Old Guy Strength

5/31/16

Tate Press:
4 sets x 10 reps x 55

One Arm Extensions:
4 sets x 10 reps x 40

Kickbacks:
4 sets x 12 reps x 35

Rope PD:
4 sets x 15 res x 125

Rope Extensions:
4 sets x 15 reps x 80

DB Curls:
4 sets x 10 reps x 60

Reverse DB Curls:
4 sets x 10 reps x 35

Poundstone Curls:
1 set x 43 reps

Treadmill:
20 minutes

Today I learned the hard way of not mixing the gym with politics. I won’t do it here either. Today I was on the treadmill between two guys I know pretty well from there. The election coverage was on TV and I asked one his thoughts. The other guy chimed in with an opposite view. I was then stuck in the middle of an ugly debate. Both would from time to time ask my opinion, but I was able to fend them off with non-answers. Never again I tell you…

HAH! Man that sounds like agony. I’m pathologically afraid of gym conversations. To the point that one time I forgot my iPod, but remembered my earbuds. So I went through my workout with the earbuds anyway to discourage conversation.

I swear I’m not a dick.

Gym conversations is one of many reasons I have mine set up at home.

Normally I have the ear buds in and the music cranked up. These were two guys I wanted to talk to though.
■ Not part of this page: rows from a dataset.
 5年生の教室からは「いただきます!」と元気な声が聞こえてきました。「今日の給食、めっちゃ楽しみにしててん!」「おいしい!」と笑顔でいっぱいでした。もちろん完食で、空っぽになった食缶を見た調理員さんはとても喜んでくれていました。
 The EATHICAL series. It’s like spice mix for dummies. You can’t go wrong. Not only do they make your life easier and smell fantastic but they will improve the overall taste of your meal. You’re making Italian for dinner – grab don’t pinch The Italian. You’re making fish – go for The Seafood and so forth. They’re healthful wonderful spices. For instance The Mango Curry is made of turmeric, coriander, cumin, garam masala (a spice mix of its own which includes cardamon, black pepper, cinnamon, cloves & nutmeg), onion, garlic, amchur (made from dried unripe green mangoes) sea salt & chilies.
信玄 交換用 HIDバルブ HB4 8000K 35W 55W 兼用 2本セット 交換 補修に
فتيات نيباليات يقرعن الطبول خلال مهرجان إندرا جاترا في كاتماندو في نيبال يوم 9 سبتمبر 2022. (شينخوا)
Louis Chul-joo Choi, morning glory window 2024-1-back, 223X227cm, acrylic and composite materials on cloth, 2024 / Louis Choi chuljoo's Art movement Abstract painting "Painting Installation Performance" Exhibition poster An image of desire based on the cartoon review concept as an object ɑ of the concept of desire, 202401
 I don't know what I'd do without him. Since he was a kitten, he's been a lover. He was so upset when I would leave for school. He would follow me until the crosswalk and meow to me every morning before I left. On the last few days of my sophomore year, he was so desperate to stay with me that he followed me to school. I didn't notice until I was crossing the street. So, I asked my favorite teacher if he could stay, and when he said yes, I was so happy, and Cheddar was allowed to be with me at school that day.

I felt bad because I started the fight. I then felt pretty uncomfortable.

This reads like you were just a catalyst.

Ah… so you’re an instigator! You devious little so-an-so.
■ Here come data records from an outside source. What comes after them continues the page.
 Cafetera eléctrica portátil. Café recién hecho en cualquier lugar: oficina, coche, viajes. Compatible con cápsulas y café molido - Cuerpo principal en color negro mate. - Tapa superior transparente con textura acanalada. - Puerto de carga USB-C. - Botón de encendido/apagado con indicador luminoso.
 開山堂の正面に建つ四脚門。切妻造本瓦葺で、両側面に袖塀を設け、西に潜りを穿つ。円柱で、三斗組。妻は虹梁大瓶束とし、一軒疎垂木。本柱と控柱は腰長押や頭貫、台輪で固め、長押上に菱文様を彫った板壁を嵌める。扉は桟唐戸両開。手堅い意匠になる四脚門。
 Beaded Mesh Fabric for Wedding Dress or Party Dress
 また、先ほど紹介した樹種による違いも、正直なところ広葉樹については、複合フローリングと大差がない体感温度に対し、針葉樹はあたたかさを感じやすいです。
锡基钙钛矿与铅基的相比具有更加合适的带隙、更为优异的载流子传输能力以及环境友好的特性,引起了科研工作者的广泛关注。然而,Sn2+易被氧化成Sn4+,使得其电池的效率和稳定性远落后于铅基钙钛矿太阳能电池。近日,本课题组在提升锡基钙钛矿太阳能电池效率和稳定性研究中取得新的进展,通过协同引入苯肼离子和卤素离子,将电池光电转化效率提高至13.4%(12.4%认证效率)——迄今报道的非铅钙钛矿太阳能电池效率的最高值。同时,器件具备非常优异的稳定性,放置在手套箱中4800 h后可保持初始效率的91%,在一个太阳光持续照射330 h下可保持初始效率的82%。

Yeah I kind of started it, and then wanted out.

6/3/16

Bench:
135 x 10, 185 x 3, 225 x 2, 245 x 1, 275 x 1, 315 x 1, 365 x 4, 335 x 4, 315 x 5

Floor Press (Smith Machine):
135 x 12
185 x 12
225 x 10
245 x 10
275 x 10

I felt stronger today. I did not need any help with 365. I decided to change things up with floor presses. The Smith Machine is the only area we have free to do them.
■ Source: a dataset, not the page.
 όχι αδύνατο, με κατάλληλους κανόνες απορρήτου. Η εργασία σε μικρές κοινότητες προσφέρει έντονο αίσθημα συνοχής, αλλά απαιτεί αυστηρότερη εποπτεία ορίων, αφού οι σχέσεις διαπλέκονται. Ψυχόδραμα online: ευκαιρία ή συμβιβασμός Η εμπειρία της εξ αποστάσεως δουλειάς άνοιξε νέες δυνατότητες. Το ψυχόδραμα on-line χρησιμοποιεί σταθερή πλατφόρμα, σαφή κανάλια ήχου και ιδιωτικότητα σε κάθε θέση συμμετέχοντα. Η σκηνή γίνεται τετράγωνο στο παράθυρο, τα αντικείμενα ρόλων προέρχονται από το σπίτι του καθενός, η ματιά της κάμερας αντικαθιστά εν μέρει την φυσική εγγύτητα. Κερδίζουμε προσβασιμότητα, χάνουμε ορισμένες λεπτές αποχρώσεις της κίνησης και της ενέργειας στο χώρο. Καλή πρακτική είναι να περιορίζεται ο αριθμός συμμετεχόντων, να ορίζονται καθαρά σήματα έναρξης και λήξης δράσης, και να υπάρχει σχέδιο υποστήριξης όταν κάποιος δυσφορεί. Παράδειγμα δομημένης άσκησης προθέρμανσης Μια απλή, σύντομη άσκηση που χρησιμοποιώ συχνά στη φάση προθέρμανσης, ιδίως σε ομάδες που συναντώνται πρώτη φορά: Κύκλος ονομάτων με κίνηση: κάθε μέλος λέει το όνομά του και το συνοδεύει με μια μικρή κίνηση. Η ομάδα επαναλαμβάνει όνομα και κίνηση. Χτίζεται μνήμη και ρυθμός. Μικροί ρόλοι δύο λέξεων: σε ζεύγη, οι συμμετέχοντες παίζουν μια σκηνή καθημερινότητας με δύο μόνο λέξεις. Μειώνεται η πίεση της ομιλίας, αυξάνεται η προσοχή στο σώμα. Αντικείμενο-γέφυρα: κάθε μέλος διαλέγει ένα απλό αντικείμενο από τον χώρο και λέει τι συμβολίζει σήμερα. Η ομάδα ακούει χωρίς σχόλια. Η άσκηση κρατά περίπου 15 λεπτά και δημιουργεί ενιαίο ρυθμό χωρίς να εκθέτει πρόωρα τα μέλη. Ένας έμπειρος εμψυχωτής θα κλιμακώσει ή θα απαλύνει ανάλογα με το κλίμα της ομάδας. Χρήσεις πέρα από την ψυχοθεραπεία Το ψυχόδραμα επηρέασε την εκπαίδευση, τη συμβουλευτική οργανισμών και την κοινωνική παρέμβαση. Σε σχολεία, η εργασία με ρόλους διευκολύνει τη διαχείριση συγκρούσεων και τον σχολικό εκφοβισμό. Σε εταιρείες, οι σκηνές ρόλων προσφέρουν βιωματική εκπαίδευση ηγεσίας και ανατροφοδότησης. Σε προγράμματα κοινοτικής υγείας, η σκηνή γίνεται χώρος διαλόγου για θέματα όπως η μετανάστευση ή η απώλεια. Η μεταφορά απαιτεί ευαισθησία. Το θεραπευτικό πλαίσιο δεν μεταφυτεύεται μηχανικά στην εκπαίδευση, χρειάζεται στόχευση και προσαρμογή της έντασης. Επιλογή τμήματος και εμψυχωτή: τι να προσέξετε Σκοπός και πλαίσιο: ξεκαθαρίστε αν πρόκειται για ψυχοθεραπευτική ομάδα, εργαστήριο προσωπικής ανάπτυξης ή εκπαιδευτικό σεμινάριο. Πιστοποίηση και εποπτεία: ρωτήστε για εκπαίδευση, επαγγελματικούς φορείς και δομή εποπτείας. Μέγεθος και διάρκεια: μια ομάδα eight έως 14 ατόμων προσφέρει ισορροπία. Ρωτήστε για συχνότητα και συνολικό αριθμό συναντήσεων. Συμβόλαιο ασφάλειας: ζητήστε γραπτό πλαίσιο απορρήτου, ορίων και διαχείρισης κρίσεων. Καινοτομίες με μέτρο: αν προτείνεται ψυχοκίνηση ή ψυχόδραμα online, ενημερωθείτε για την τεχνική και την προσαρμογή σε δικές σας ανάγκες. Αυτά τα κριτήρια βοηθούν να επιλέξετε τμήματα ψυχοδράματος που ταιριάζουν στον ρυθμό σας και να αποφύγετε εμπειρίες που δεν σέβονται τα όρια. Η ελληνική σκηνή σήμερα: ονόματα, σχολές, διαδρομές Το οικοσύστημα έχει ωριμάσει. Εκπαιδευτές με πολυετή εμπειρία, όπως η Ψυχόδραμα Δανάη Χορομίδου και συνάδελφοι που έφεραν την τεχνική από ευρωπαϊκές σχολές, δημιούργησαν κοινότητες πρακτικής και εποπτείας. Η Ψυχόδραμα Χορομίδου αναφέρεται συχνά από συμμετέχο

I’m going to try to squeeze one session out this weekend. My son graduates from high school Saturday. My daughter is having her confirmation at church Sunday. Needless to say it will be a busy weekend.

6/5/16

OHP:
45 x 10, 65 x 10, 95 x 5, 145 x 3, 155 x 3, 185 x 3

Bent Rows:
4 sets x 10 reps x 230

Face Pulls:
4 sets x 15 reps x 120

Lat Pulls:
4 sets x 10 reps x 120

DB Side Raises:
4 sets x 10 reps x 40

Treadmill / 10 minutes

A busy two days it has been. My son graduated from high school, and my daughter had her confirmation. Somehow I was able to get this in.

6/8/16

Deadlift:
135 x 10, 185 x 3, 225 x 2, 275 x 1, 315 x 1, 355 x 2, 400 x 3, 375 x 5, 355 x 5

Rack Pulls:
325 x 5
415 x 3
465 x 2
515 x 1

Laying Leg Curls:
4 sets x 10 reps x 140

It has been over 100 degree here in my section of the Northwest for the past two days. I think I’ve been drinking more water than at any point in my life.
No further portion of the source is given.